**COLLECTED DATA**
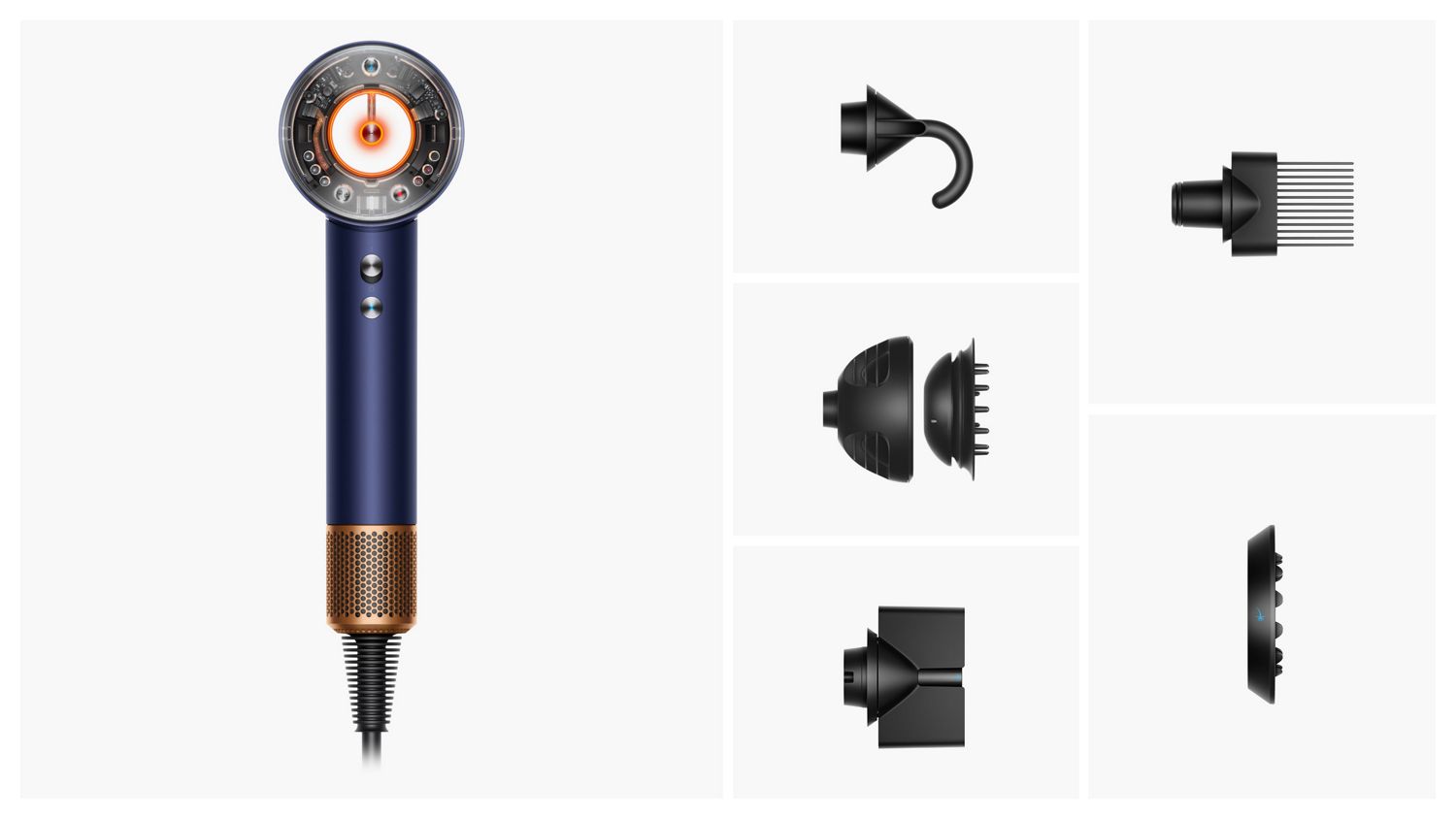 İster şeffaf uç kapağın ardında görünür şekilde olsun, ister kapsül aydınlatmasından yansısın ya da tutma koluna özenle gizlenmiş olsun; bu akıllı saç kurutma makinesi, öncü Dyson teknolojisi ile doludur.
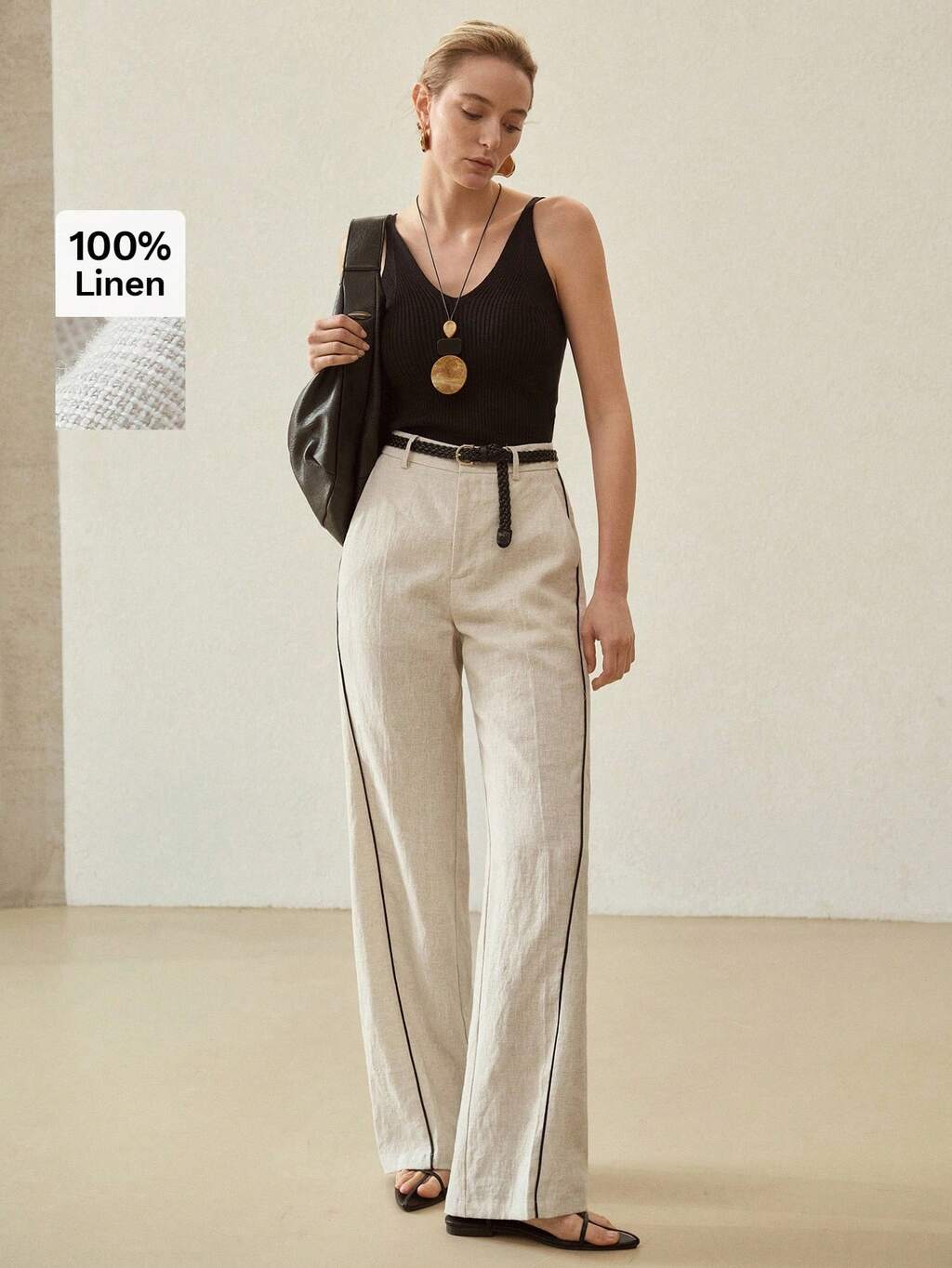 LINEN CONTRAST PIPING SLANT POCKET SUIT PANTS
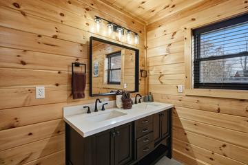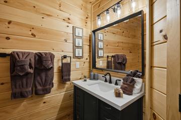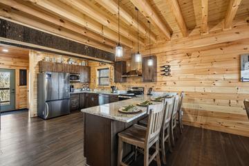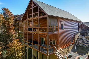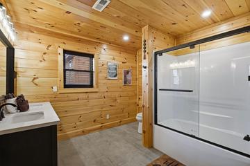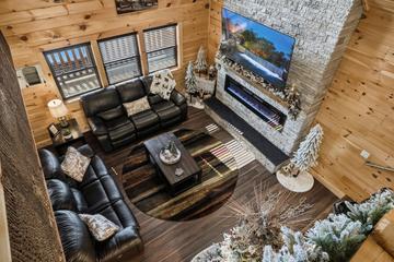 RECEIVE 50% DISCOUNT TO THE RESORT ONSITE WAHOO ZIP-LINE: Nestled in the scenic beauty of the Smoky Mountains, Rustic Roots is a stunning three-bedroom cabin in the heart of the Grand View Resort, perfectly positioned between the vibrant attractions of Pigeon Forge and the natural beauty of Gatlinburg, Tennessee. This upscale mountain retreat is more than just a place to stay—it's a luxurious home base for your next unforgettable Smoky Mountain getaway. With breathtaking mountain views, upscale amenities, and room for the whole family or a group of friends, Rustic Roots offers the perfect blend of rustic charm and modern comfort.

**WORK TO BE COMPLETED**
Repeat the lines above, starting at the first and stopping after the line that holds "LINEN CONTRAST PIPING", with the pictures left out.

**THE ANSWER**
 İster şeffaf uç kapağın ardında görünür şekilde olsun, ister kapsül aydınlatmasından yansısın ya da tutma koluna özenle gizlenmiş olsun; bu akıllı saç kurutma makinesi, öncü Dyson teknolojisi ile doludur.
 LINEN CONTRAST PIPING SLANT POCKET SUIT PANTS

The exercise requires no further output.